Monday, June 6, 2011


This is a topic near and dear to my heart. As an overweight woman who has been big her entire life - as someone who is making an active and conscious attempt to lose weight, despite the difficulties - I've heard the nasty comments and bad words. I've often worried that my children will someday come into contact with cruelty from other children, especially since (for the time being) we plan to utilize the public school system. And of course, it's a possibility. Children can say some pretty mean things, and sometimes they don't think about the immediate repercussions (like a classmate's reaction, or a friend's feelings) before speaking.

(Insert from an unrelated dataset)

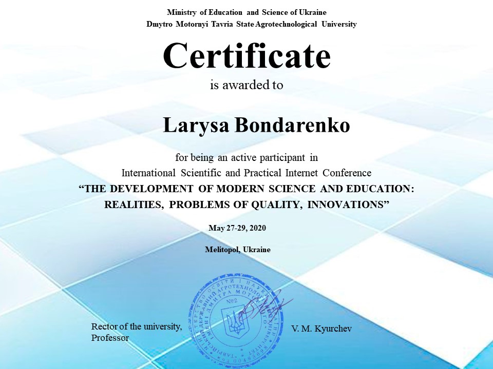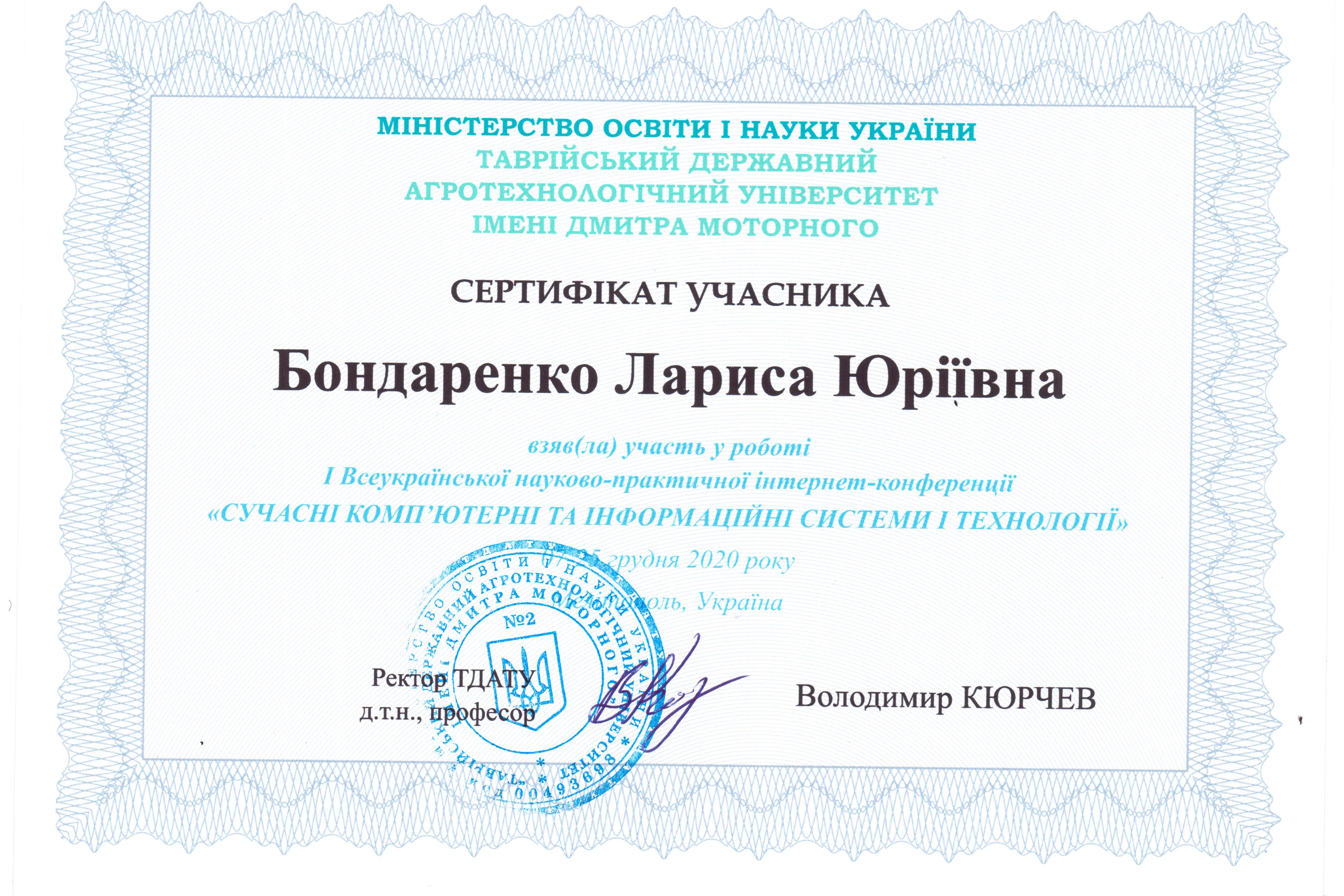 З 26 по 27 грудня 2019 року на базі Таврійського державного агротехнологічного університету імені Дмитра Моторного, м. Мелітополь відбулась ІІ Міжнародна науково-практична конференція «Сучасні шляхи розвитку сільськогосподарського виробництва: тенденції та інновації». Серед організаторів конференції була доцент кафедри «Техніна механіка та компютерне проектування імені проф. В.М. Найдиша» Бондаренко Л.Ю.

Sometimes it's an innocent slip or a thoughtless gaffe; more often than not, anymore, it's conscious meanness meant to demean the feelings, thoughts, abilities, looks, or beliefs of another person.

It's easy enough to pass along Biblical proverbs to children whose families adhere to those religions, easy enough to quote religious texts of any kind - but what does a pagan parent say to their kids without trying to give a separate lesson on religion to a young child who may be experiencing bullying (or worse, may be the bully). What am I to do when I can't quote Christ or a disciple easily because my children haven't grown up in that lifestyle, and aren't familiar with the people and characters and stories I know from my experiences?

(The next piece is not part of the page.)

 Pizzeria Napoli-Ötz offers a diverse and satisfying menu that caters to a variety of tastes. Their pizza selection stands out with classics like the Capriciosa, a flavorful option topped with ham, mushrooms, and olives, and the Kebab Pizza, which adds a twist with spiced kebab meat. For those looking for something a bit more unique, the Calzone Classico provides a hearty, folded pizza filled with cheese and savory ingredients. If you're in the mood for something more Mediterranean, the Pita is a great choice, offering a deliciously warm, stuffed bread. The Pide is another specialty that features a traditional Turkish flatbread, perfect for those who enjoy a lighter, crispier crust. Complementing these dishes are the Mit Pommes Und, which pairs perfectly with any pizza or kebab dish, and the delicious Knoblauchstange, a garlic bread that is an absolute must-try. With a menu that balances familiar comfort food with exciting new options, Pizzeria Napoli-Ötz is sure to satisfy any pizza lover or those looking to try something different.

I know that first of all, there's common sense. While there are a number of religions that have done their best to claim the Golden Rule, Christianity among them, I believe it's a rule that has been around much longer. From the days of bartering for goods, people have understood that in order to get what's best for them, they have to be willing to sacrifice a bit for others - which means being willing and ready to treat others as they'd like to be treated. A family might give up a cow for less produce than it is worth, with the understanding that because they were kind, next time the produce farmer might give a bit more for a little less milk or meat than usual. It's an understood part of life, in my opinion, but a concept that's hard to explain to a young child who isn't having that same treatment returned to them. It's easy to say, but I know from experience it isn't so easy to DO, especially if physical violence becomes a part of it (at which point I intend to raise my children the same way I was raised: you may NEVER throw the first punch, and you are expected to find alternate routes to end the confrontation, but if you seriously feel you have no other option but to fight back, do so minimally to escape).

So now I'm looking for common sense, kid-friendly ways to explain how to deter bullies. I'm new at this parenting thing still, and I don't expect to encounter this for another few years yet, but I want to have an idea of what to do and how to say it when the time comes. Any pagan parents out there have any recommendations, books, things they've said/done that helped their kids that they want to share?